# West Bay Afternoon Wade



## kenny (May 21, 2004)

Went for a wade after lunch about 1:30 with a moderate SSW wind. I threw a Shedog for two hours with no action, not even a looker. 
The wind picked up 15 gusting to 25mph. and it was whitecapping.
I switched to a Norton Sand eel Jr. needle gar pattern (thanks Darrell) and at 3:30 I had a major hook up.
Boga'd a 7.5# trout, released. A couple of cast later I caught a 5# trout that I strung, then nothing for another 30 minutes. I hooked up again, and thought for a second that this one was over 10# for sure.......then I knew it was a Redfish, which I also strung.
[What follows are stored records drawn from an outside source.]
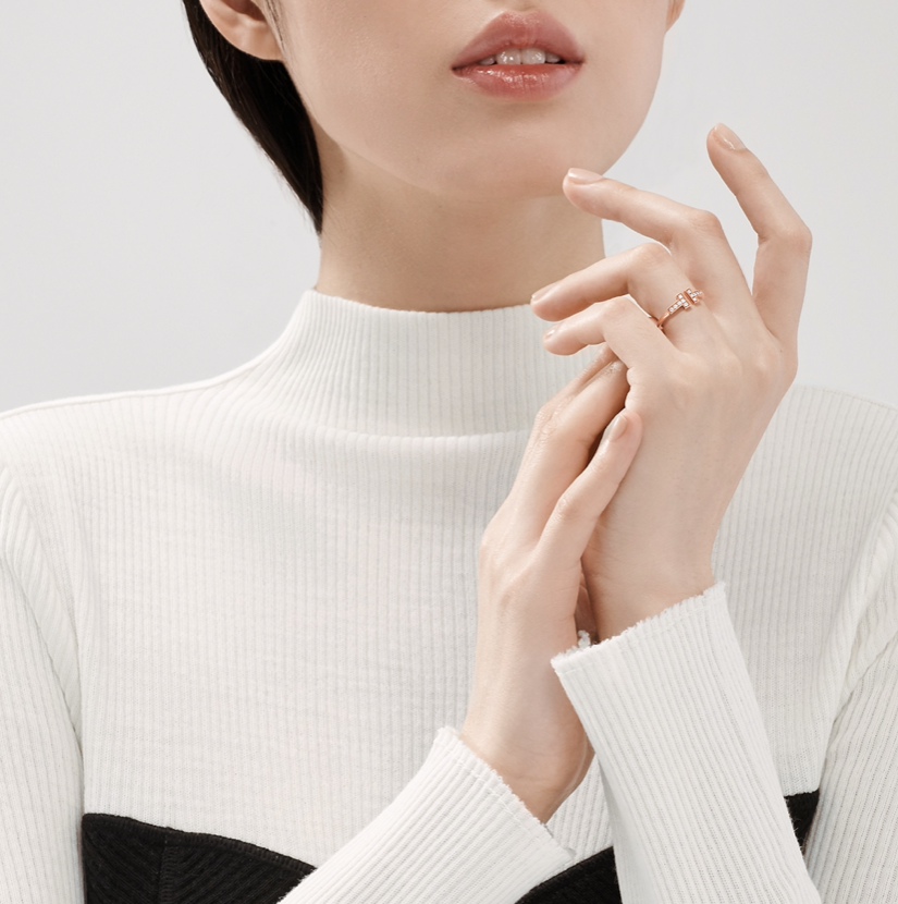 КОЛЬЦО TIFFANY T WIRE в РОЗОВОМ ЗОЛОТЕ С БРИЛЛИАНТАМИ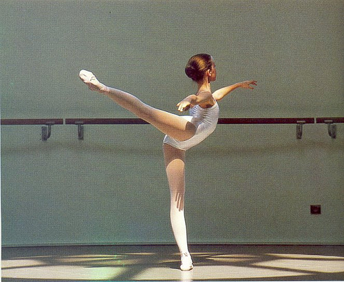 Which dancer is preforming an arabesque?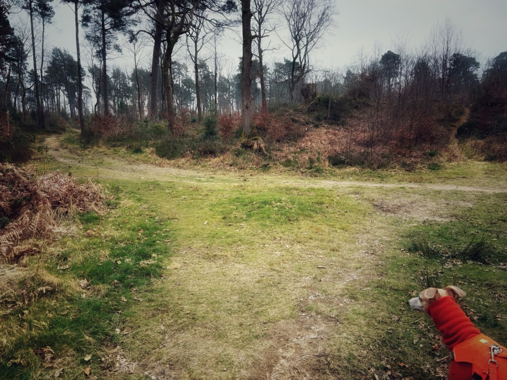 It’s straight on over the road. When you get to the cross paths where there is a finger post to the right and you can see the back of a road sign on the corner of Leith Hill Road further ahead, turn left.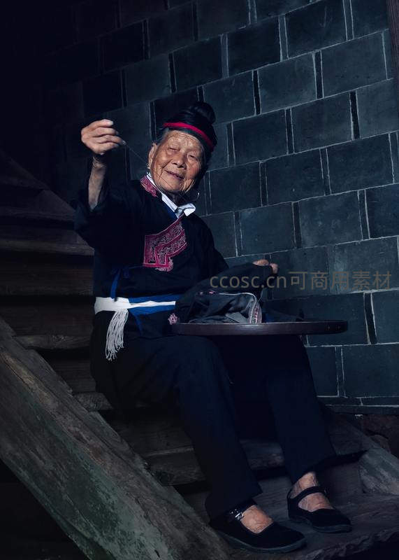 一位身着民族服饰的老奶奶坐在青砖墙边的木梯上,专注地缝制衣物,传统纹样与古老建筑相映成趣,展现慢生活的智慧。
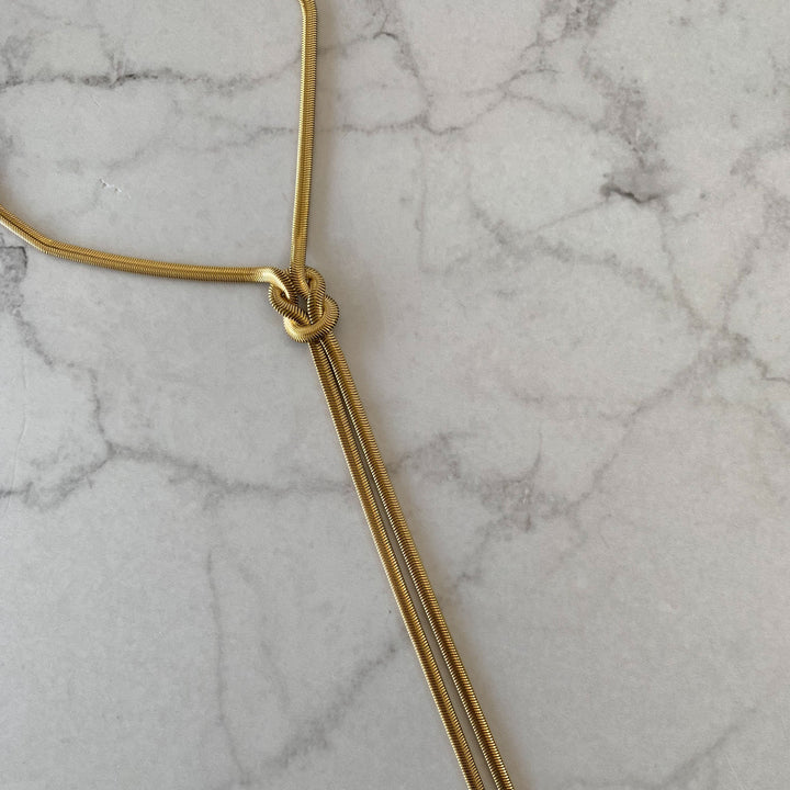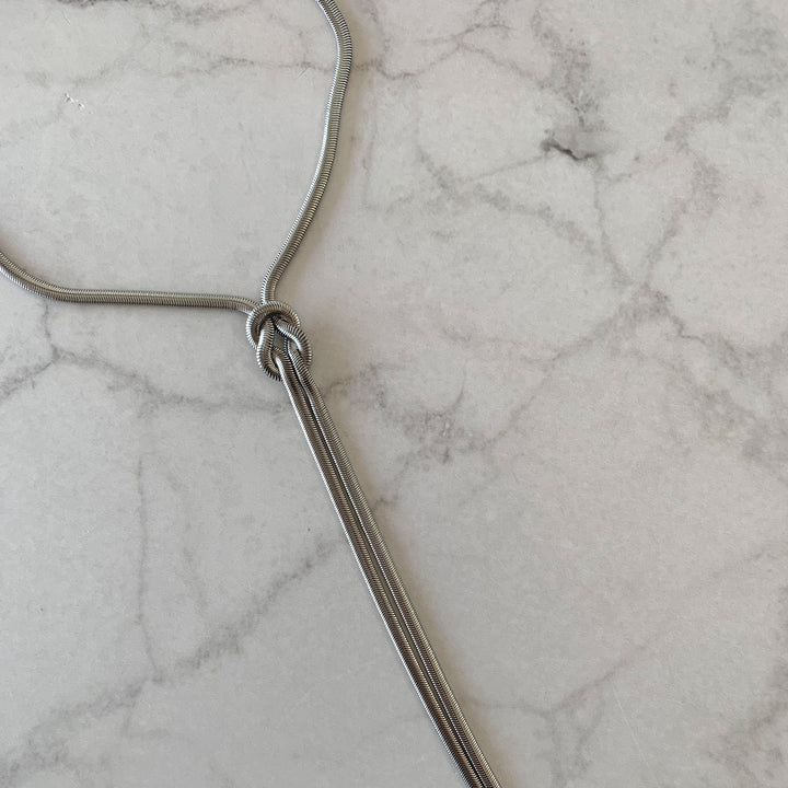 Versatilidad con elegancia. Este collar tipo corbatín con nudo puede llevarse para dar un toque sofisticado y trendy 💫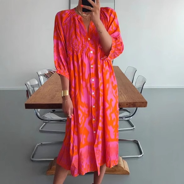 Pakaian Wanita Eropa dan Amerika 2025 Gaun Longgar Kancing Kancing Motif Cetak Digital Stasiun Independen Amazon Gaun Panjang
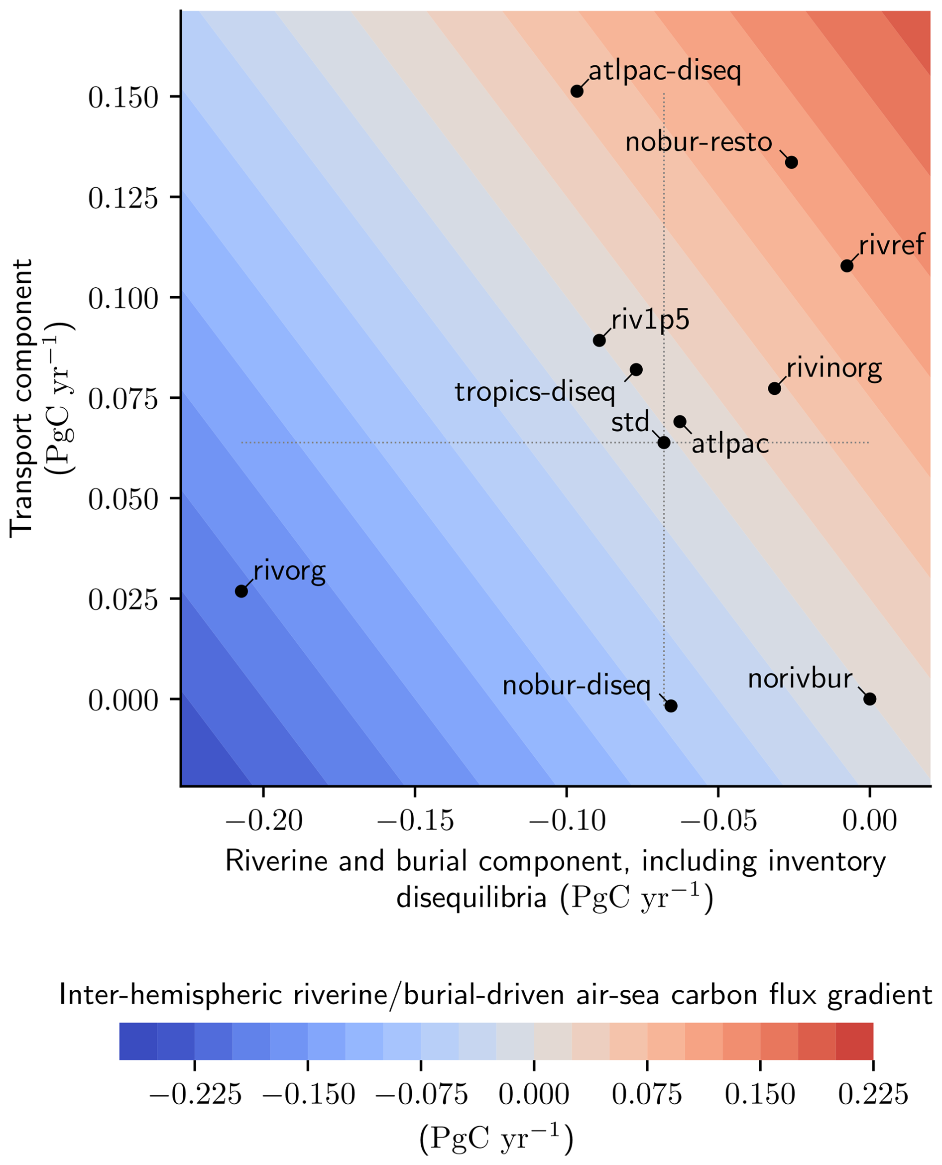 The decoupling between the magnitude of the net riverine/burial-driven air–sea carbon flux and its inter-hemispheric gradient is primarily linked to the distribution, both horizontally and vertically, of the carbon:Alk budget imbalance resulting from riverine and burial fluxes (Sect. 2.1.2). When an excess of CaCO3 burial is considered at the bottom of the Atlantic (primarily in the Northern Hemisphere; atlpac-diseq), the resulting impact of the carbon:Alk budget imbalance on the riverine/burial-driven air–sea carbon flux occurs remotely, in the Southern Hemisphere, due to the meridional overturning circulation. This results in a relative outgassing compared to std (−0.07 PgC yr−1) and an increase in the inter-hemispheric riverine/burial-driven air–sea carbon flux gradient (+0.07 PgC yr−1; see Fig. B4b). Conversely, when the surplus of CaCO3 burial is in the shallow tropics (tropics-diseq), the riverine/burial-driven air–sea carbon flux anomaly compared to std is equivalent to the one reported for atlpac-diseq, but the inter-hemispheric gradient is this time nearly not impacted relative to std (+0.01 PgC yr−1) since the flux anomaly is concentrated in the shallow tropics, primarily affecting the regional air–sea carbon flux. Similarly, flux anomalies resulting from carbon:Alk budget imbalances with respect to the riverine fluxes tend to manifest regionally (i.e. primarily in the Northern Hemisphere): (i) a fully organic riverine discharge (rivorg) leads to a relative outgassing compared to std (−0.19 PgC yr−1), aligned with a decrease in the inter-hemispheric gradient (−0.18 PgC yr−1), and (ii) a fully inorganic riverine discharge (rivinorg) leads to a relative ingassing compared to std (+0.07 PgC yr−1), aligned with an increase in the inter-hemispheric gradient (+0.05 PgC yr−1; see Fig. B4b).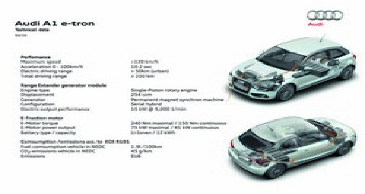 Les CP se bousculent en ces premières heures du salon de Genève. Audi livre les détails sur l’A1 e-tron Concept laquelle reprend son bloc de batteries en forme de T en position similaire à ce que l’on connaissait déjà sur la Chevrolet Volt. Le petit propulseur Wankel en pur générateur prend pour sa part place en lieu et place de la roue de secours. Ce moteur électrique offre en solo une autonomie de 50 km, libère une puissance de 45 kW (75 kW en pointe) pour un couple de 150 Nm (240 Nm en pointe) et est alimenté par un ensemble de batteries d’une puissance de 15 kW. Comptez sur une autonomie combinée de 200 km, 130 km/h en v-max et 10,2 s pour s’affranchir du 0 à 100 km/h. Le reste en images !

Water was green and 65.6 degrees.
Sure was a fun little trip!


----------



## Texxan1 (Dec 31, 2004)

Hey Kenny, Get out of my spot lol

Great catch... Glad the fish are still hungry in the big blow


----------



## ANGEL (May 21, 2004)

good job Ken


----------



## saltshaker1 (Feb 15, 2008)

Red and trout are the same size.....

good goin'

SaltShaker


----------



## Mullet (May 21, 2004)

*ditto*

Yeah, Thomas I was going to fish there too!!!
But the spot was taken......


----------



## Redfishr (Jul 26, 2004)

Real nice fish you got there big boy......


----------



## bslittle79 (May 24, 2004)

Great job Kenny, And you want to come over here, haha!!


----------



## GoingCoastal (May 24, 2004)

Good Job Mr Kenny . 

Dave


----------



## TxHook'Em (May 22, 2006)

Nice fish there partner.......definitely a kodak moment!!!


----------



## Hop (May 21, 2004)

WTG Kenny!!
You need a camera man! And I think I could be that man!
LOL
--Hop


----------



## deke (Oct 5, 2004)

What?? You were throwing a worm? What's up with that? lol


----------



## kenny (May 21, 2004)

deke said:


> What?? You were throwing a worm? What's up with that? lol


Yeah, and I was fishing in your favorite spot. The one you walk into.
Hop, I guess I could use a camera man, but what I really need is a "boat valet" to walk back to the boat, pull up the dang Stakeout Stick, and bring me a Snickers!


----------



## NateTxAg (Apr 11, 2006)

Nice fish! Sounds like a great day! Did you ever make it down to Calcasieu??


----------



## Terrynj (Jun 27, 2006)

Nice fish Kenny! Had to be a fun trip!


----------



## gsb (Aug 7, 2006)

Fishing and snickers, that is a good combination. LOL

Nice fish Kenny!


----------



## MsAddicted (Jan 25, 2005)

A 7.5 pounder! Good catch Kenny.


----------



## RedXCross (Aug 7, 2005)

Thats exactly what I have been trying to tell him Brian, but now he is in a venturing mood?? , Hell I would hit that area hard for a few more trips??LOL

Nice trip.



bslittle79 said:


> Great job Kenny, And you want to come over here, haha!!


----------



## kenny (May 21, 2004)

We're supposed to head to Calcasieu this morning but they're forecasting 20-30 mph winds ENE, E, SE, S through Tuesday. It's also supposed to rain all day Tuesday. What great spring-break weather!


----------



## RedXCross (Aug 7, 2005)

I hear ya Kenny, me and Brian spoke a bit today about the wind and all the crud in the air. LOL. The 2 best days of our spring break were this weekend and today was a blow, a big blow here. You are right about the forecast and Calcasieu. 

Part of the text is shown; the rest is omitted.